Later in the 1960s, Secretary of State Dean Rusk was likewise confronted with the lack of Black individuals at higher levels of State. After learning how many Black people were relegated to positions like secretaries and messengers, he appointed several white people as messengers and blamed the lack of Black people in the department on inadequate practice and test skills.

Decades later, U.S. President Bill Clinton’s own attempts at encouraging diversity were met with criticisms by several white officers. And President Barack Obama’s diversity efforts were met with lawsuits charging reverse discrimination. Those career State Department officials who did not outright resist used the bureaucracy itself to their advantage by holding so many meetings and writing so many memos that time always ran out for real change. One Black diplomat labeled the exercise as a prime example of the State Department’s remarkable ability to outtalk itself out of making necessary changes.

The bureaucracy—whether for racism, sheer self-preservation, or both—successfully resisted some change but not all of it. During his two years as U.S. ambassador to India in the early 1950s, Chester Bowles pushed State Department leadership to appoint Black diplomats to his post despite the fact that, at the time, Black diplomats were only appointed to five countries dubbed the “[Black] circuit.” In the same era, Edward Dudley, who served as ambassador to Liberia, and George McGhee, an assistant secretary of state, both openly and consistently argued against the assertion that Black diplomats would not be welcomed in other countries. For their efforts in the early 1950s, the State Department accepted more Black officers and appointed them to more countries—although, to be sure, they still faced discrimination at home, abroad, and at their jobs.

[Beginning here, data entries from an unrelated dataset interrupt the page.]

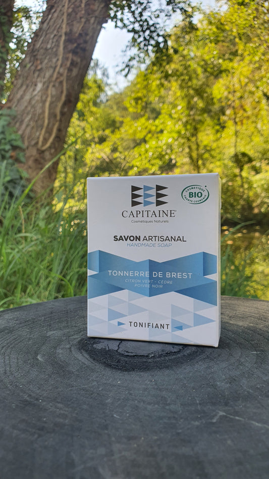 Savon artisanal solide - Tonnerre de Brest - Citron vert, cèdre et poivre noir
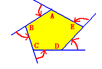 だから,三角形,四角形,五角形,....のどの形でも外角の和はつねに360゚になります.
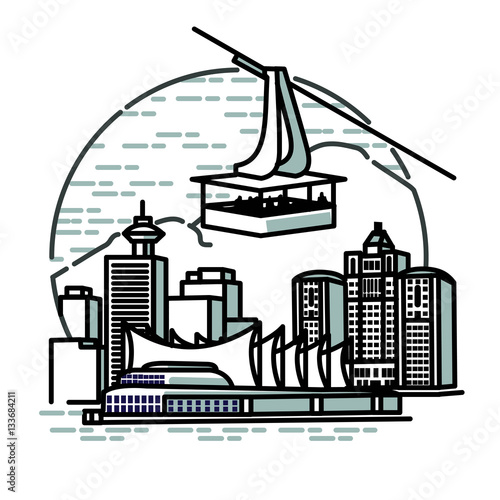 Obraz premium Skytram hovers over a circular vancouver city with buildings the pacific...
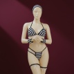 Conjunto sensual de 3 piezas con diseño de rayas modernas. Incluye brasier halter ajustable, tanga brasileña y diadema. Estilo deportivo-elegante que realza tu figura con comodidad.
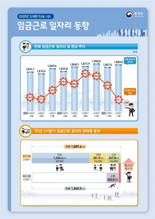 26일 통계청이 발표한 ‘2분기 임금근로 일자리 동향’에 따르면 올해 2분기(5월 기준) 임금근로 일자리는 1889만6000개로, 1년 전보다 21만1000개(1.1%) 증가했다.

Blinken can break from the past 70 years by learning from them. U.S. diplomats are constantly rotating, and diversity is treated often as just one more item on a long agenda. To address this problem, Blinken should work with Congress to establish and fully fund a chief diversity officer. This position should report directly to the secretary and be given a dedicated operational budget and full staff who are centered on action and taking the shortest route through the various processes that spring up. Such a step would minimize the ability of others to block change even when change may threaten perceived perks of the job.

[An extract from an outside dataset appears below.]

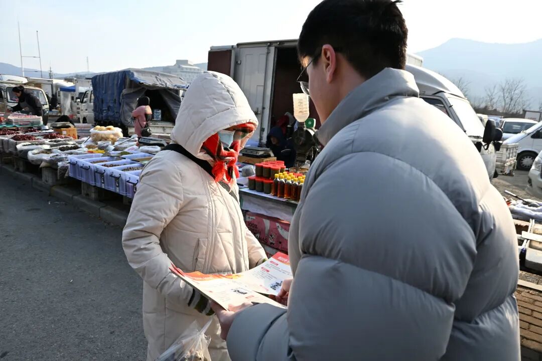 活动现场,师生党员与社区工作人员精心布置宣传点位。活动紧扣“宣传、互动、覆盖”三个环节有序展开。首环节为反诈知识宣讲会,由黄泥川社区党总支书记王贤明主持,学院教师党员代表孙胜男与社区党员代表、属地派出所民警同志相继上前,结合年关常见诈骗手法进行深入浅出的案例剖析与防范要点讲解。随后,进行反诈知识有奖竞答,吸引了众多围观群众踊跃参与,通过问答巩固宣讲知识,并发放反诈宣传册与实用宣传品,有效提升了群众的参与度与防骗意识。最后,师生党员与社区工作者分组深入集市各个摊位与人流之中,主动发放宣传单页,进行“一对一”讲解,确保反诈知识送达更多居民,织密基层安全防护网络。

Blinken and his team must also prioritize transparency. The department’s bureaucracy, with its ability to hide behind processes, thrives in secrecy. One way to model better behavior among predominantly white officers who either abuse or permit abuse toward Black officers would be for the department to annul all nondisclosure agreements from settlements reached with victims of discrimination, so that victims are permitted to speak to the public about what they witnessed. The State Department should also consider publishing all 70 years’ worth of assessments—internal and external—on diversity and discrimination in a publicly accessible location. Such transparency would make it harder for the bureaucracy to avoid change.

In 1948, Charles S. Johnson, a professor at historically Black Fisk University, said “race, in short, is more than a domestic issue. It has become the scale on which democracy is being weighed.” That should be a measure of the State Department as well. Racial equality cannot be viewed as a threat to jobs, nor can it be viewed as an ancillary issue to be handled via task force or committee. It is very much a part of the fabric of the United States’ foreign policy and who it is as a nation. What past failures and successes show is that only those within State—not Congress, the president, nor outside groups—will save the State Department. But they need to decide to do it.